In multilayer networks, activation functions $f$ other than those mentioned above are usually used. The main reason is that neural networks are typically trained using gradient algorithms, and the functions mentioned above have a gradient of 0 almost always. Instead, what is traditionally used is the so-called logistic sigmoid - $f(x) = \frac{1}{1+e^{-\lambda x}}$. Nowadays, the ReLU (rectified linear unit) function, defined as $f(x) = \max(0, x)$ is also often used.

The gradient method is used for training. The gradient of the loss function $L(x,y|w)$ with respect to the weights of the neural network is computed and the weights are then adjusted according to the relation \(w_i = w_i - \alpha\frac{\partial L(x,y \| w)}{\partial w_i},\) where $\alpha$ is the learning parameter.

Currently, libraries that can calculate the gradient symbolically are most commonly used to calculate it. Practically, all that is needed is to write a forward computation of the network and implement a loss function. Existing tools take care of the gradient calculation. However, for a better understanding of neural networks, it is worth trying to calculate the gradient at least in this simple case.

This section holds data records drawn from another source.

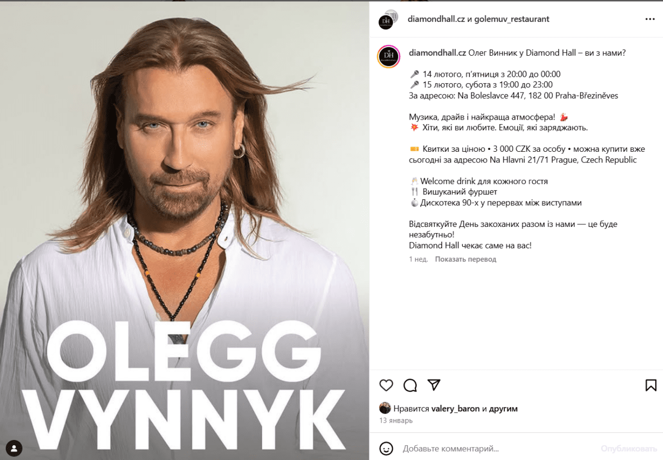Нові концерти Олега Винника заплановані на 14 та 15 лютого 2025 року в празькому ресторані The Diamond Hall. Цікаво, що вартість квитків на чеські виступи значно вища, ніж була заявлена на скасований концерт у Польщі. За 3 тисячі крон (понад 5 тисяч гривень) глядачі отримають не тільки можливість послухати виступ “маестро”, але й welcome-drink, фуршет та дискотеку під хіти 90-х. Програма вечора передбачає, що виступ співака буде поєднано з танцювальною частиною.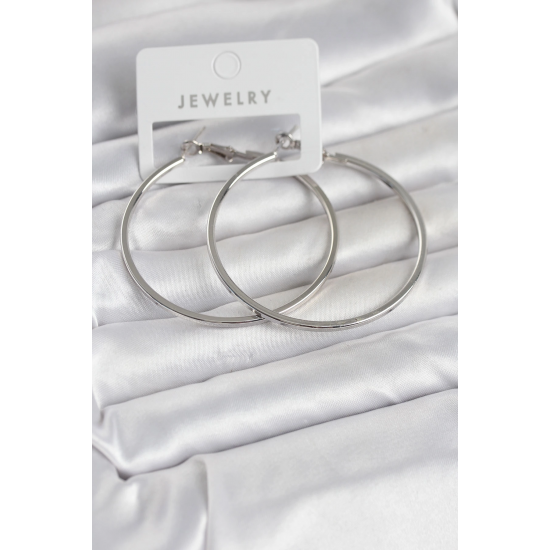 Mey İthalat® Gümüş Renk Pirinç Köşeli Kenar Halka 54 mm Kadın Küpe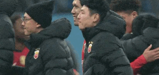 中超最后一輪,海港1-0小勝英博,實現中超三連冠,賽后武磊與隊友一起慶祝奪冠。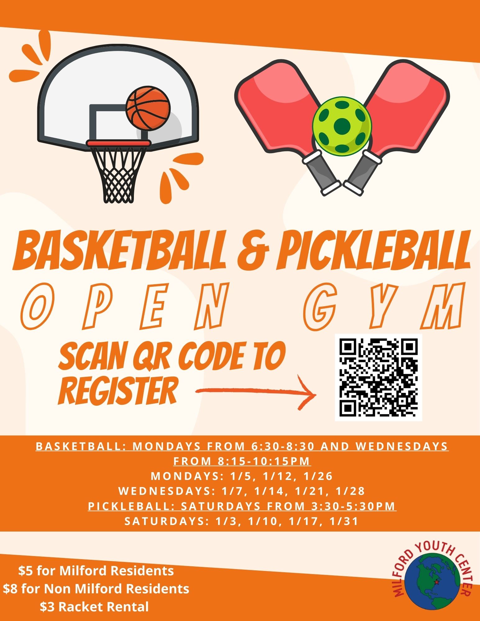 Milford residents will be charged $5 each and out-of-town participants will be charged $8 each week (please bring the exact amount)!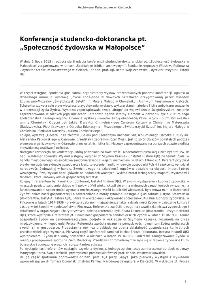 Archiwum Państwowe w Kielcach Konferencja studencko-doktorancka pt. „Społeczność żydowska w Małopolsce” W dniu 1 lipca 2015 r. odbyła się II edycja konferencji studencko-doktoranckiej pt. „Społeczność żydowska w Małopolsce" zorganizowana w ramach „Spotkań ze źródłem archiwalnym". Spotkanie rozpoczęły Wiesława Rutkowska – dyrektor Archiwum Państwowego w Kielcach i dr hab. prof. UJK Beata Wojciechowska – dyrektor Instytutu Historii UJK. W części wstępnej spotkania głos zabrali organizatorzy wystaw prezentowanych podczas konferencji. Agnieszka Dziarmaga omówiła wystawę „Życie codzienne w dawnych sztetlach" przygotowaną przez Ośrodek Edukacyjno-Muzealny „Świętokrzyski Sztetl" im. Majera Małego w Chmielniku i Archiwum Państwowe w Kielcach. Scharakteryzowała cele przyświecające przygotowaniu wystawy, wykorzystane materiały i ich symboliczne znaczenie w prezentacji życia Żydów. Wystawa zapoczątkowała swoją „drogę" po województwie świętokrzyskim, zostanie zaprezentowana w różnych jego miejscach i stanowić będzie istotny element w poznaniu życia kulturalnego społeczeństwa naszego regionu. Otwarcie wystawy uświetnił swoją obecnością Paweł Wójcik - burmistrz miasta i gminy Chmielnik. Obecni byli także: Dyrektor Chmielnickiego Centrum Kultury w Chmielniku Małgorzata Gładyszewska, Piotr Krawczyk z Ośrodka Edukacyjno - Muzealnego „Świętokrzyski Sztetl" im. Majera Małego w Chmielniku i Redaktor Naczelny „Kuriera Chmielnickiego". Kolejną wystawę „Odeszli..." ze zbiorów „Galerii pod Czerwonym Dachem" Miejsko-Gminnego Ośrodka Kultury im. Aleksandra Patkowskiego w Ożarowie, przedstawił zebranym Józef Myjak. Jest to zbiór obrazów powstałych podczas plenerów organizowanych w Ożarowie przez ostatnich kilka lat. Macewy zaprezentowane na obrazach odzwierciedlają indywidualną wrażliwość twórców. Następnie rozpoczęła się konferencja, którą podzielono na dwie części. Moderatorem pierwszej z nich był prof. zw. dr hab. Waldemar Kowalski. Wykład wstępny wygłosił dr Szymon Kazusek (Instytut Historii UJK) na temat: Żydzi w handlu miast dawnego województwa sandomierskiego z krajami niemieckimi w latach 1764-1767. Referent przybliżył przybyłym gościom sytuację gospodarczą kraju, znaczenie handlu w rozwoju gospodarki Polski i zaakcentował udział narodowości żydowskiej w handlu. Zwrócił uwagę na działalność kupców w podziale na eksport, import i obrót wewnętrzny. Swój wykład oparł głównie na badaniach własnych. Wykład został wzbogacony mapami, wykresami i tabelami, które ułatwiały odbiór gospodarczej tematyki. Kolejnym referentem był Kamil Król (doktorant, Instytut Historii UJK). W swoim wystąpieniu - Ludność żydowska w miastach powiatu sandomierskiego w II połowie XVII wieku, skupił się on na wybranych zagadnieniach związanych z funkcjonowaniem społeczności wyznania mojżeszowego wśród katolickiej większości. Była mowa m.in. o liczebności Żydów, działalności gospodarczej i o oskarżeniach o mordy rytualne. Następnie głos zabrała Justyna Staszewska (doktorantka, Instytut Historii UJK), która w wystąpieniu - Aktywność społeczno-kulturalna ludności żydowskiej w Pińczowie w latach 1914-1939 - przybliżyła zebranym najważniejsze fakty z działalności Żydów w dziedzinie kultury i zasług w tej kwestii w społeczeństwie Pińczowa. Referentka zwróciła uwagę na rozwój szkolnictwa żydowskiego i działalność w organizacjach charytatywnych. Kolejną referentką była Beata Łakomiec (doktorantka, Instytut Historii UJK), która wystąpiła z referatem pt. Działalność gospodarcza sandomierskich Żydów w latach 1918-1939. Temat gospodarki Żydów na Sandomierszczyźnie, podjęty w wykładzie dr Szymona Kazuska, rozwinęła na okres międzywojenny, w niepodległej Polsce. Referentka zwróciła uwagę na pomysłowość i dynamizm Żydów próbujących swoich sił w gospodarce. Przedstawiła również przykłady na udaną działalność gospodarczą konkretnych przedstawicieli tego wyznania. Pierwszą część konferencji zamknął Michał Brzoza (doktorant, Instytut Historii UJK) wystąpieniem - Żydowskie kluby bokserskie w Kielcach w latach 1918-1939. Podkreślił, zaangażowanie Żydów w rozwój i propagowanie sportu na Ziemi Kieleckiej. Przedstawił zgromadzonym liczące się w regionie żydowskie kluby bokserskie i odnoszone przez ich reprezentantów sukcesy. Po wystąpieniach referentów nastąpiła ożywiona dyskusja. Jednego ze słuchaczy zainteresował dorobek naukowy Maurycego Horna. Swoje wnioski i przemyślenia przedstawił również prof. dr hab. Waldemar Kowalski. Drugą część spotkania poprowadził dr hab. prof. UJK Jerzy Gapys. Jako pierwszy wystąpił z wykładem wprowadzającym dr Tomasz Domański (Instytut Pamięci Narodowej delegatura w Kielcach). W wykładzie pt. Proces 1 Archiwum Państwowe w Kielcach Mariana Sołtysiaka „Barabasza" jako źródło do badań nad wiarygodnością materiałów śledczych i operacyjnych UB/SB - przedstawił on wyniki badań własnych na wspomniany temat, przeprowadzonych na podstawie tzw. sierpniówek oraz akt wytworzonych przez organy represji RP/PRL. Na ich właśnie podstawie stwierdził, iż każdy przypadek, w tym i „Barabasza" wymaga oddzielnego, rzetelnego śledztwa, analizy akt spraw i faktów, gdyż tylko taką drogą można dotrzeć w efekcie końcowym do sprawiedliwych ocen i podsumowań. Referent stwierdził, że procesy miały wspólny schemat. Jako następna zabrała głos Beata Żelazny (doktorantka, Instytut Historii UJK). Podjęła ona temat - Problematyka żydowska na łamach prasy radzieckiej w okresie II wojny światowej. Z jej wystąpienia zebrani dowiedzieli się o znikomych informacjach na łamach prasy radzieckiej w tym okresie. Temat ten był jakby ukryty i mało widoczny w ówczesnych mediach. Katarzyna Zgryza (doktorantka, Instytut Historii UJK)

Let’s start with the calculation for the output layer. Let us denote by $w_{jk}$ the weight between the $j$-th neuron in the last hidden layer and the $k$-th neuron in the output layer. The output of this neuron is $y_k = f(\xi_k)$, where $x_j$ is the output of the $j$-th neuron in the last hidden layer and $\xi_k = \sum w_{jk} x_j$. Considering the error function $E(x,t|w) = \frac{1}{2}\sum_k (y_k - t_k)^2$ ($t$ denotes the vector of desired outputs, $y$ denotes the network output), its derivative with respect to the weight $w^L_{jk}$ is given by the calculation below (we applied the rule for the derivation of the composite function).

\[\frac{\partial E}{\partial w^L_{jk}}=\frac{\partial E}{\partial y_{k}}\frac{\partial y_{k}}{\partial\xi_{k}}\frac{\partial\xi_{k}}{\partial w^L_{jk}}=(y_{k}-t_{k})x_{j}\frac{\partial f(\xi_j)}{\partial\xi_{j}}.\]

In order to calculate the derivative of the loss function according to the weights in the hidden layers of the neural network, it is useful to imagine what exactly the last two layers of this network calculate. We will denote by $k$ the neurons in the output layer, by $j$ the neurons in the last hidden layer, and by $i$ the neurons in the hidden layer before the last hidden layer. The inputs of these neurons will be labeled as $x_k$, $x_j$, and $x_i$, their activations will in turn be labeled as $\xi$ with the appropriate index, and their activation functions will be labeled as $f$ with that index. We denote the weights between the last hidden and output layer as $w^L$ and the weights between the last two hidden layers as $w^{L-1}$. Thus, the last two layers compute the expression $y_{k}=f_{k}(\sum_{j}w_{jk}^L f_{j} (\sum_i w_{ij}^{L-1} x_{i}))$. If we again consider the same loss function, we get its derivative again according to the rule for derivation of a composite function as

\[\frac{\partial E}{\partial w_{ij}^{L-1}}=\left[\sum_{k}\frac{\partial E}{\partial\xi_{k}}\frac{\partial\xi_{k}}{\partial y_{j}}\right]\frac{\partial y_j}{\partial\xi_{j}}\frac{\partial\xi_{j}}{\partial w_{ij}^{L-1}}=\left[\sum_{k}\delta_{k}w_{jk}^{L}\right]y_{i}\frac{\partial f_{j}(\xi_{j})}{\partial\xi_{j}}.\]

We can notice that we have already calculated the first part of the sum ($\frac{\partial E}{\partial\xi_{k}}$) in the calculation for the output layer. So let’s denote it by $\delta_k$ and this gives us a simplified version of the expression after the last $=$. Now, just note that we have not used anywhere the information that $k$ denotes the output layer and we can therefore use the same expression for all hidden layers. If we still define here \(\delta_{j}=\frac{\partial E_{v}}{\partial\xi_{j}}=\frac{\partial f_{j}(\xi_{j})}{\partial\xi_{j}}\sum\delta_{k}w_{jk}\), we get the well-known adaptation rule for training neural network weights (the definition of $\delta_j$ varies depending on whether it is a hidden or output layer): \(w_{ij}^{k+1}=w_{ij}^{k}-\alpha\delta_{j}y_{i}.\)

We have not yet discussed the derivation of the activation function with respect to its input. It can be shown that, for example, for a sigmoid it is $\lambda y_{j}(1-y_{j})$. Also, so far we have only computed the derivative for one input instance - but for multiple instances we only get the sum of these derivatives.